Monday, Aug. 24, 1981
Florence Nightingale Wants You!
By Anastasia Toufexis
To recruit nurses, hospitals are boosting pay and perks
The scene outside two Massachusetts hospitals last week has become distressingly familiar at hospitals across the nation: nurses on a picket line. At Cape Cod Hospital in Hyannis, a walkout by 300 nurses last weekend resulted in a virtual shutdown of the facility, with only emergency room services being provided.
Across the state in Pittsfield, the Berkshire Medical Center was struggling to get along with only a supervisory staff and 15 nurses; 425 nurses had been on strike for three weeks. "Money and benefits are the obvious complaints," says Denise Sullivan of the Massachusetts Nurses Association. "But more important is the fact that nurses are the lifeblood of any hospital. That is what is not being recognized."

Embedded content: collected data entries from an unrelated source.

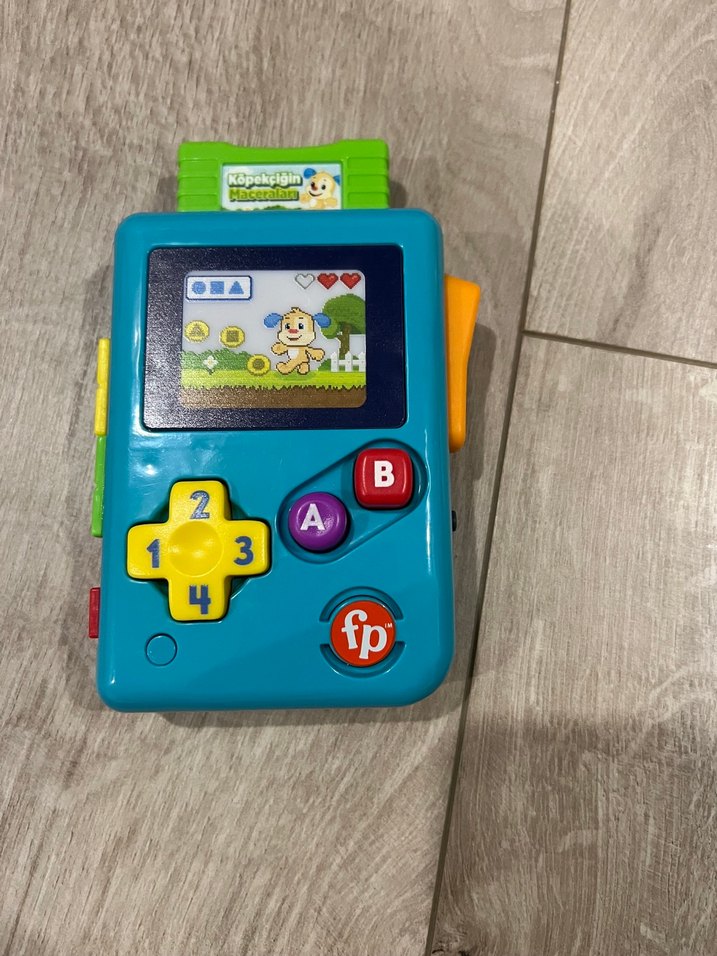 Renkli, interaktif düğmeli ve küçük ekranlı eğitici oyuncak. Üzerinde sayı ve harf tuşları bulunur.
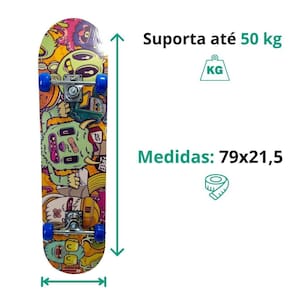 Skate board infantil funs para iniciante esporte suporta até 50kg 11172 Estampa: monstro Por que comprar com a imports - enviamos em até 24 horas; - produto de ótima qualidade; - produto testado e muito bem embalado para chegar em perfeito estado; - foco total no cliente. Informações importantes: - marca: funs - modelo: skate semi - indicado para: crianças e jovens - material: madeira e ferro - skate completo montado - dimensões: 79 cm x 21,5 cm - peso: 1,585 kg - suporta até 50 kg Marca: Não Informado Ean: 7804667142843
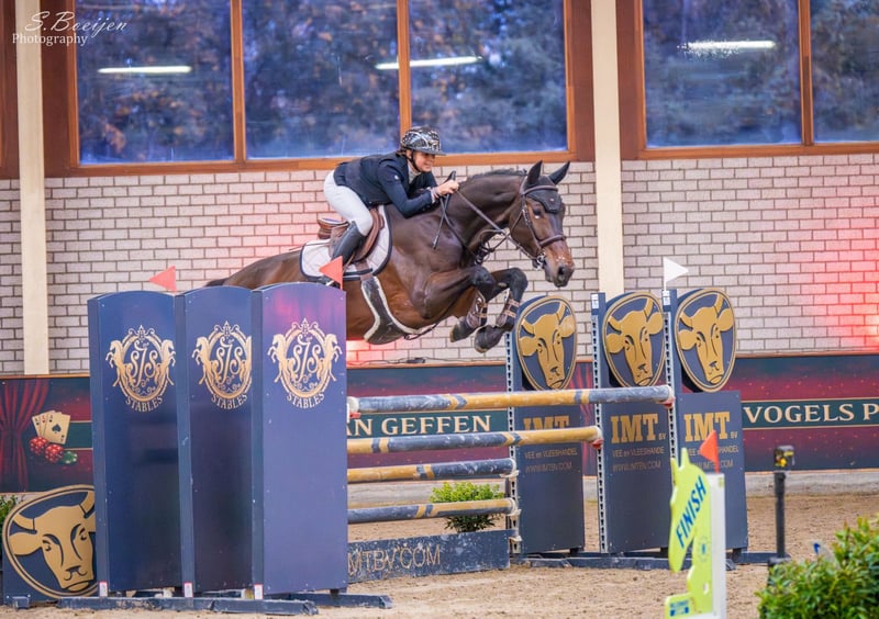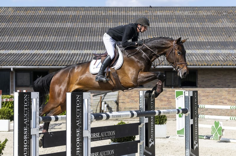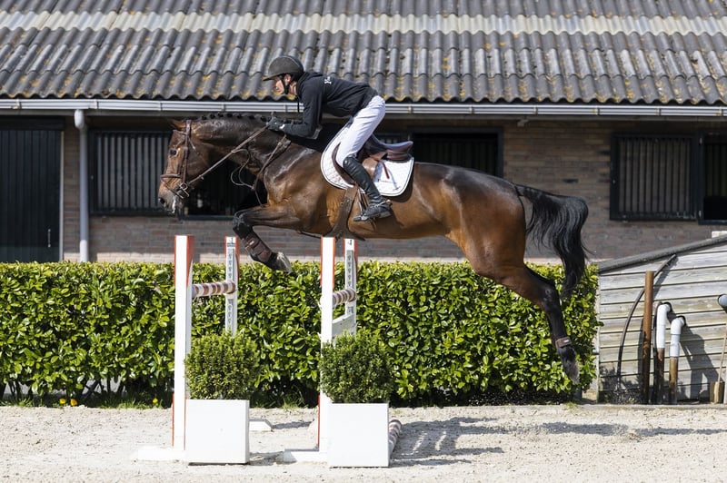 Very attractive type, loose in the body. Jumps with a lot of quality and a good ‘go’ to the jump. Light-footed and quick off the ground, currently at 1.10m level. Well-behaved and friendly horse, careful and alert, with good manners. Very interesting horse. Sire Dominator 2000 Z competed at 1.70m level and belongs to the absolute top of showjumping. He is a son of Diamant de Semilly (1.60m) and is known for passing on extreme scope, reflexes and attitude. His offspring perform at the highest level worldwide. Dam The dam Avril competed at 1.30m level and brings proven jumping genes through Indorado and Corrado I. Damline The damline is strong and reliable. From the second dam Korette (Voltaire) come multiple sport horses, including Thank You at 1.40m level. Furthermore, we see several horses at 1.30m–1.40m level in the line. The line shows a consistent production of sport horses with quality and attitude.

Dissatisfied with the low pay, grueling hours and inferior status that have been their lot in the past and faced with expanding job opportunities for women, many nurses have left the field. About a quarter of the nation's nearly 1.5 million registered nurses are no longer practicing, and only two-thirds of those working do so full time. The number of new nurse graduates is decreasing. That has created 100,000 nursing vacancies in the U.S.--or 72 full-time positions at an average hospital. Says Tina Filoromo, president of the National Association of Nurse Recruiters: "As long as there were herds of us at the front door, no one cared how many went out the back door. Now hospitals are feeling the pinch."
To cope, some institutions have had to import nurses from the Philippines, the United Kingdom and Canada. By next year, 20% of the 5,600 nurses in New York's municipal hospitals will be Filipino. And still the city will be short 1,000 nurses. Many more use temporary nursing employment agencies that have proliferated, particularly in California, where the nurse shortage is acute. Some Southern California hospitals rely on such agencies for as much as 60% of their staff, but the solution is hardly ideal. Agency fees can cost a hospital millions of dollars each year. Staff morale suffers because temporary nurses set their own schedules and are better paid than full-time members of the hospital staff. More disturbing, agency nurses are not familiar with a hospital's specific procedures, which can lead to confusion and dangerous mistakes. Georgia Sobiech, staff director at St. Joseph Medical Center in Burbank, Calif., says flatly that registry nurses are often incompetent and that some agencies are no better than "pimps." As proof, she cites the case of a reporter from the Los Angeles Herald Examiner who posed as a nurse, passed a registry exam and was sent off to a job. Says Sobiech: "You have no way of evaluating registry nurses until they do something stupid--and then it may be too late."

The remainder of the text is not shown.